12.09.2016 — Rolf Becker. Quelle: Verlag Dashöfer GmbH.
Wie das Kartellamt im Juli gemeldet hat, wird der Spielzeug-Hersteller LEGO sein Rabattsystem künftig so ausgestalten, dass Händler auch über den Online-Vertrieb die gleiche Rabatthöhe erreichen können wie im stationären Vertrieb. Dies hat LEGO dem Bundeskartellamt gegenüber zugesagt. So ganz freiwillig wird die Zusage nicht erfolgt sein. Es handelte sich vielmehr um eine Forderung des Bundeskartellamts an den dänischen Hersteller.

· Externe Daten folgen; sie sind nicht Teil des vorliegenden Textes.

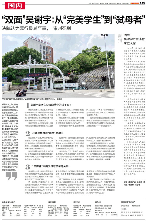8月26日上午,福建省福州市中级人民法院依法对被告人吴谢宇故意杀人、诈骗、买卖身份证件案进行一审公开宣判。以被告人吴谢宇犯故意杀人罪、诈骗罪、买卖身份证件罪,数罪并罚,决定执行死刑,剥夺政治权利终

Klar ist, dass im Internet gerne die Preise purzeln. Das sehen Hersteller nur ungern. Bei entsprechend ausgestalteten Vertriebssystemen versuchen sie z. B. über Rabattstrukturen die Händlermargen so zu steuern, dass der stationäre Vertrieb preislich mithalten kann, obwohl dieser mit Verkaufsräumen strukturell deutlich mehr Kosten zu tragen hat als der Online-Handel. Der Phantasie scheinen keine Grenzen gesetzt, wenn sich die Konzernjuristen dann Rahmenbedingungen ausdenken, die z. B. für Boni oder Rabatte vom Vertragshändler zu erfüllen sind. LEGO vergab z. B. Rabatte nach Regalmetern im Verkauf. Diese Meter fehlen natürlich im virtuellen Geschäft.
Wettbewerbsbeschränkungen in selektiven Vertriebsverträgen können u. a. dann zulässig sein (neben weiteren Voraussetzungen), wenn diesen Beschränkungen objektive Gesichtspunkte zugrunde liegen und sie sich auf Qualitätsanforderungen beziehen. Die Beschränkungen müssen in Bezug auf Eigenschaften und Qualität erforderlich sein und sie müssen diskriminierungsfrei angewendet werden.
Nicht immer wird das System diskriminierungsfrei ausgestaltet. Gerade bei Änderungen werden die Gesichter der beteiligten Händler lang und länger und immer sind es die Online-Händler, die benachteiligt werden.
Grundsätzlich ist es natürlich erlaubt, Händler, die unterschiedliche Leistungen und Performances bieten, unterschiedlich zu behandeln. Rechtlich kritisch wird es aber dann, wenn die Kriterien so angelegt sind, dass sie (un)erwünschte Effekte zeigen. Regalmeterbezogene Regelungen benachteiligen den Online-Handel aber schon ihrer Struktur nach, denn dort spielen Verkaufsflächen keine Rolle. Solche Kriterien können sich als Expansionshürden erweisen oder den Marktzutritt erschweren.
Das Ganze läuft juristisch unter dem Titel „Vertikale Beschränkungen der Internetökonomie“ und bei Marktbeschränkungen ist das Kartellrecht gefragt.
Ist der Einfluss auf den heimischen Markt nur groß genug, also die Eingriffsschwelle für das personell eher unterbesetzte Bundeskartellamt überschritten, dann kann man die Wettbewerbshüter schon mal zu einem Verfahren bewegen. Ansonsten bleibt immer die individuelle Klage. Zu spüren bekam dies auch die Bosch Siemens Hausgeräte, als man 2013 ein neues Rabattsystem einführte, welches dann nach Einschreiten des Bundeskartellamtes als „wettbewerbsbeschränkendes Doppelpreissystem“ getadelt wieder vom Tisch kam, um dann abgewandelt wieder aufzuerstehen. Auch der Gartenprodukte-Hersteller GARDENA hatte Ende 2013 dem Bundeskartellamt gegenüber zusagen müssen, künftig gleiche Rabatte für stationäre Händler und Online-Händler einzuführen. Dort konnte man über gestaffelte Funktionsrabatte nur offline in den Genuss der höchsten Rabattstufe gelangen. Schon 2012 erwischte es den Luxusarmaturenhersteller Dornbracht, der über Qualitätskriterien u. a. die Gewährleistung einer fachgerechten Montage und Inbetriebnahme von Dornbracht-Produkten und adäquaten After-Sales-Service realisieren wollte, damit aber den Verkauf an andere als vorgesehene Abnehmer unattraktiv machte, weil dann die Kriterien nicht zu erfüllen waren.